Hence, if managers provide sufficient resources and appropriate communication to support a change initiative, this should encourage a stronger sense of future clarity which in turn will reduce resistance to the change. Already mentioned, communications activities could leverage visual management techniques to maximise the opportunities to build future clarity for employees.

Personal resilience

Personal resilience plays a role in reducing resistance: employees who have higher resilience have lower resistance. However, managers have little influence over how resilient their employees are. Of interest, though, is that the other personal factors – trust in management and future clarity—exert considerably more influence over resistance than employee resilience; and, these other factors are amenable to modification via the organisational factors. The implication is that even if employees are low on resilience, organisations may be able to counteract this by taking actions that build future clarity and trust.

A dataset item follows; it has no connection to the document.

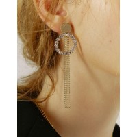 [韩流明星同款]镶钻圆环金属链吊坠耳环_金色
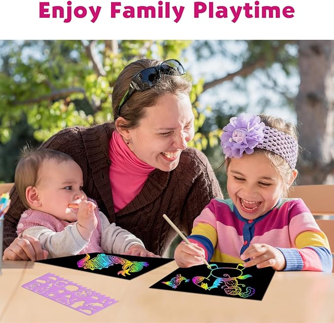 - Creative Boys & Girls Holiday Gifts - The creativity of this black scratch paper and the beautiful packaging makes it a great mother day crafts for kids bulk.Ideal gifts for kids birthday, class activity and Valentine day, Easter Basket Essentials, Halloween, Children's day, Thanksgiving, Christmas and Stocking Stuffers.

Cultivate paradoxical leadership

Organizations should consider cultivating a paradoxical leadership style to improve their change management efforts and ultimately reduce employee resistance to change. My research finds that paradoxical leadership exerts a positive influence across all three organizational factors of resources, communication, and participation; and these factors in turn positively influence the personal factors of trust and future clarity, ultimately lowering resistance. Therefore, companies that are experiencing or planning to implement significant changes could benefit from cultivating characteristics of paradoxical leadership in their managers. Such characteristics might include building managers’ capacity to deal with ambiguity, developing flexibility to adopt different management approaches to suit different contingencies, treating employees uniformly whilst also addressing employees’ individual needs in relation to the change, taking charge of important work issues but also delegating details to employees, and maintaining personal boundaries with staff but also treating staff with respect and amiability.

Conclusion

Key findings from this study include that communication is arguably the most important factor managers can focus on to reduce resistance: communication activities should be timely, adequate, useful, and answer questions, and should focus on building future clarity for employees, and trust in management. Resources are also an important factor affecting employee resistance: organizations should focus on providing sufficient staff, skills, systems, and processes to support successful implementation of the change. Participation plays a role in resistance but, contrary to popular narrative, it is important but not paramount. Our study found only a small influence of participation on reducing resistance, and other studies findings vary across contexts and countries. Further research is needed to understand the specifics of this relationship more granularly, such as timing, quantity, and quality of participation opportunities. Finally, paradoxical leadership is strongly associated with reduced resistance and organizations facing change may benefit from cultivating a paradoxical leadership style. Organizations may use these findings to inform how they manage organizational change to reduce employee resistance and to mitigate its detrimental effects.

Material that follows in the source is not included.